My Doctor husband came home crying yesterday

Anonymous
Dear medical heroes and heroines on the front lines

Thank you for all you do. Please ignore the brutally honest ignoramuses who do not understand how dysfunctional and politicized the US health care system is and how unprepared the government was for this pandemic. Having non medically-trained ideologues (who often do not even believe in science) making major public health decisions and running health insurance programs has had disastrous consequences for all of us.
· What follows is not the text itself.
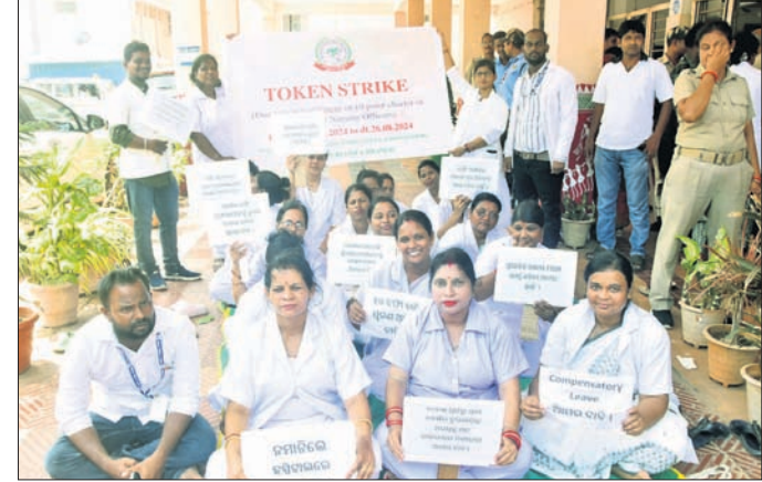
ଓଡ଼ିଶା ନର୍ସ କର୍ମଚାରୀ ସଂଘ ପକ୍ଷରୁ ୧୦ ଦିନୀ ଦାବି ନେଇ ରୁଧିରାସର ପୁରୀ ଜିଲ୍ଲା ମୁଖ୍ୟ ଚିକିତ୍ସାଳୟ ପରିସରରେ ଧାରଣା ଦିଆଯାଇଛି।

ଗାଣି ଆଣୁଛି। ସେପକ୍ଷେ ୧୮ ବର୍ଷରୁ କମ୍ ନାବାଳକ ଅପରାଧୀମାନଙ୍କୁ ଜୁରୋନାଲ୍ ଅନୁଯାୟୀ ବିଚାର କରାଯାଉଥିବାବେଳେ ଆଇନ୍ ପ୍ରାବଧାନରେ ସେମାନଙ୍କ ଦଣ୍ଡବିଧାନ ହାର କମ୍ ରହୁଛି। ତେଣୁ ସଂସଦରେ ବାଳ ଅପରାଧୀ ଆଇନରେ ସଂଶୋଧନ ସହ କଠୋର ଦଣ୍ଡବିଧାନ କରାଗଲେ ସେମାନେ ଅପରାଧ ଜଗତରେ ବିଶେଷ ସକ୍ରିୟ ରହିବେ ନାହିଁ ବୋଲି ଆଇନଜୀବୀ ଶରତ ରାୟଚୁରୁ ମତ ରଖୁଛନ୍ତି। ଅନ୍ୟପକ୍ଷରେ ଏସ୍ପି ପିନାକ ମିଶ୍ର କହିଛନ୍ତି, ପୁରୀରେ ସକ୍ରିୟ ଥିବା ନାବାଳକ ଅପରାଧୀ ଓ ସେମାନଙ୍କ ଅଭିଭାବକମାନଙ୍କୁ ଖୁବଶୀଘ୍ର କାର୍ଯ୍ୟକାରୀ କରାଯିବ। ନିଜ ନିଜ ଅଞ୍ଚଳରେ ପଡ଼ିଆରାକୁ ନେଇ ଅନେକ ଅପରାଧ ଘଟୁଛି। ଆଗକୁ ନାବାଳକ ଅପରାଧୀଙ୍କୁ ଅପରାଧରୁ ବାହାର କରିବାକୁ ବିଭିନ୍ନ କାର୍ଯ୍ୟକ୍ରମ କରାଯିବ। ସିଡ଼ିକ୍ୟୁପି ଏବଂ ଶିଶୁ ସୁରକ୍ଷା ନିରକ୍ଷରତା ଓ ନିଶା କାରବାର ପ୍ରଭୃତି ନାବାଳକମାନଙ୍କୁ ଅପରାଧ ଜଗତକୁ

You did not sign up for inadequate medical equipment and protective attire. You did not sign up for 14 hour days for weeks on end. Many of you are probably high risk individuals yourself and yet fulfilling your professional oaths to provide optimal heal care that involves being very close to infected persons and unable to change ppp masks gowns and gloves between patients. Your immune systems are probably further compromised by lack of sleep and stress. Those of you who are less busy, thank you anyway for contributing to patient care.

The level of disrespect and callousness towards your current professional challenges that extend to your families is disgusting. I believe that the vast majority of us are very appreciative of your efforts and also those who are keeping essential services going during the pandemic (grocery store workers, trash collectors, police etc.).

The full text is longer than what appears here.